Maryland was scheduled to enter the third phase of the coronavirus recovery plan Friday night and, despite some trepidations, we’re optimistic that we’re moving forward with reopenings.
Gov. Larry Hogan made the announcement Tuesday, allowing movie theaters and live entertainment venues to reopen at 50 percent capacity, as well as permitting up to 100 people at indoor events and 250 at outdoor events.
We’ll freely admit that we won’t likely be the first to go see a movie or a local band play, but we’re excited that we’re on a path to the new normal. With the COVID-19 numbers improving significantly over the last month, it’s an understandable move from Hogan.
But this move doesn’t — and shouldn’t — end the practice of social distancing, washing hands and wearing masks. These precautions will be with us for a lot longer.
Public schools were back in session Monday, though not like any way we’ve seen in the past. Never has the word “homework” been used more accurately.
School officials are trying hard to make this work but there’s no doubt in our minds that students — particularly those of elementary age — would be better suited in the classroom. Don’t get us wrong, we understand and support the notion that kids should be in virtual settings for at least the beginning of the year.
But there’s another reason we hope this virtual situation ends sooner than later — that’s the technology gap some students and their families are facing. Whether it’s slow internet speeds, insufficient computer technology or some other imbalance, the playing field is not balanced. We know the school system is trying, but this inequity isn’t something it can completely control.
We know county government officials are looking into broadband access issues. But if virtual classrooms and virtual offices are going to be with us into the future (and we know they will be in one way or another), we have to do better.
Thanksgiving with the family can be stressful enough, so can you imagine what that could look like in a few months if we had to do it over Zoom?
An Associated Press story we ran Wednesday floated that premise. The idea was the pandemic didn’t subside and, in fact, got worse as we entered the colder months. So, instead of larger gatherings, families might have to get together online.

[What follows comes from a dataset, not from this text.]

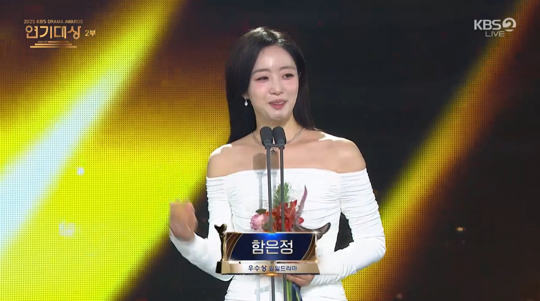 이어 함은정은 "작년에 우수상을 받을 때 엄마 얘기를 했었는데 1년이 지나고 나니까 조금 더 씩씩하게 살아갈 수 있는 것 같다. 엄마 작고 하고 한 달 뒤에 이 작품을 하게 돼서 걱정이 많았는데 엄마에게 영광을 돌리고 싶다. 집에서 보고 있을 아빠도 감사하다. 결혼해서 새로운 짝꿍이 된 신랑에게도 고맙다. 드라마 하는 동안 힘이 됐다. 시댁도 감사드린다"라며 웃었다.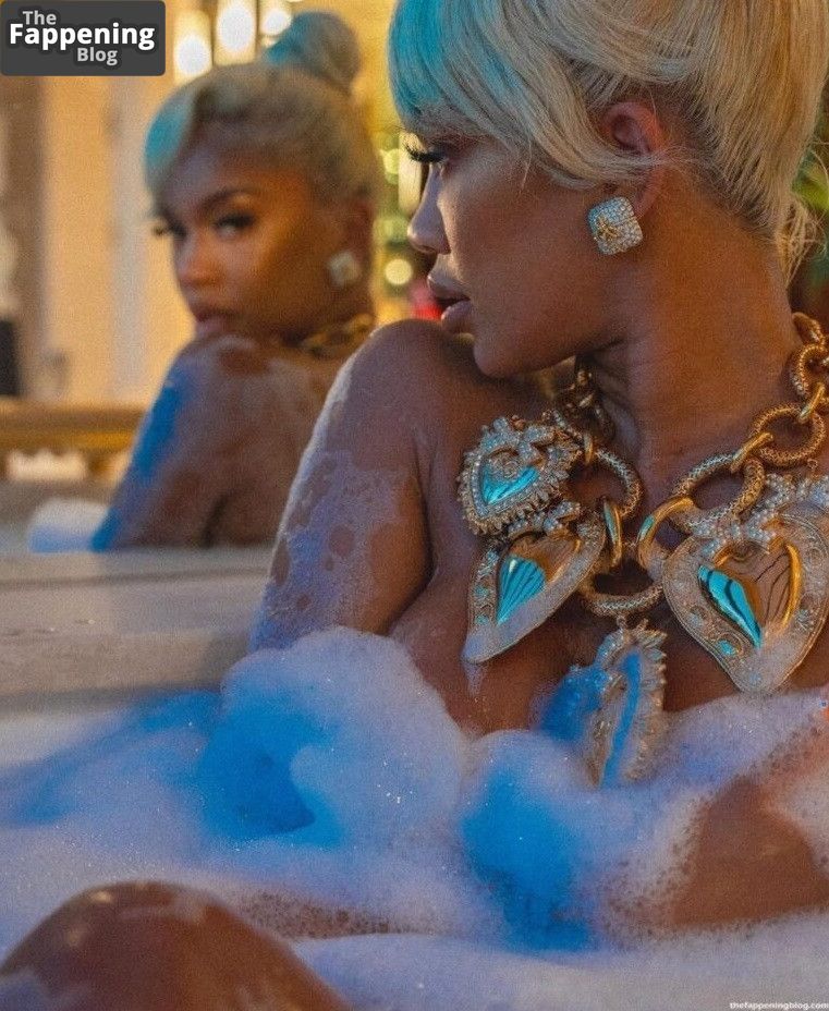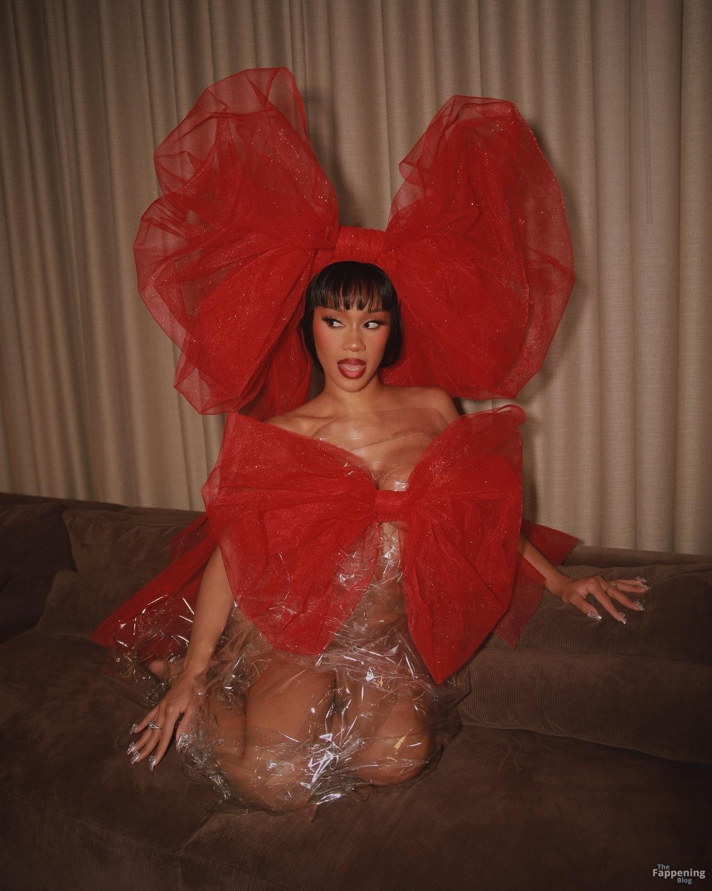 Echa un vistazo a la sensual mezcla de fotos de Saweetie en redes sociales y capturas de paparazzi, luciendo sus famosas tetas grandes y falsas.

In preparation, AP quoted University of Texas disease modeler Lauren Ancel Meyers who urged everyone to get a flu shot, because “if flu spreads widely, hospitals will begin to buckle and ‘that will compound the threat of COVID. ‘ ”
“The decisions we make today will fundamentally impact the safety and feasibility of what we can do next month and by Thanksgiving,” Meyers said.
So the moral of the story is to follow those basic three steps: wear masks, wash hands, stay 6 feet apart. Now add to that, get a flu shot.
But can you imagine, fast forward 82 days to Thanksgiving, sitting across from your computer talking to your extended family while munching on turkey, stuffing and mashed potatoes? Hardly. Though, now that we’ve given it more thought, we’re betting some of you are starting to plot that excuse for not having to visit the in-laws this year.
We always love it when a Frederick County business is featured on a national level. And we love it even more when that attention helps the business thrive.
Such is the case with The Hive Bakeshop in Brunswick. Sisters Rebekah and Sally Ontiveros co-own the artisan bakery and appeared on Season 3 of Netflix’s popular baking show “Sugar Rush,” which pitted them against three other teams for a $10,000 prize.
And since the series aired on July 31, the co-owners said they have seen an uptick in business. From people coming in to try the treats they watched the sisters bake on the show to asking for autographs, the Ontiveros sisters said business has risen close to 50 percent. A huge boon, especially during a pandemic.
If you haven’t watched Rebekah and Sally compete on the show yet make sure to tune in and check them out. The series is currently streaming on Netflix.
And if you like sweets, find out what “the buzz” is all about at The Hive’s store in Brunswick.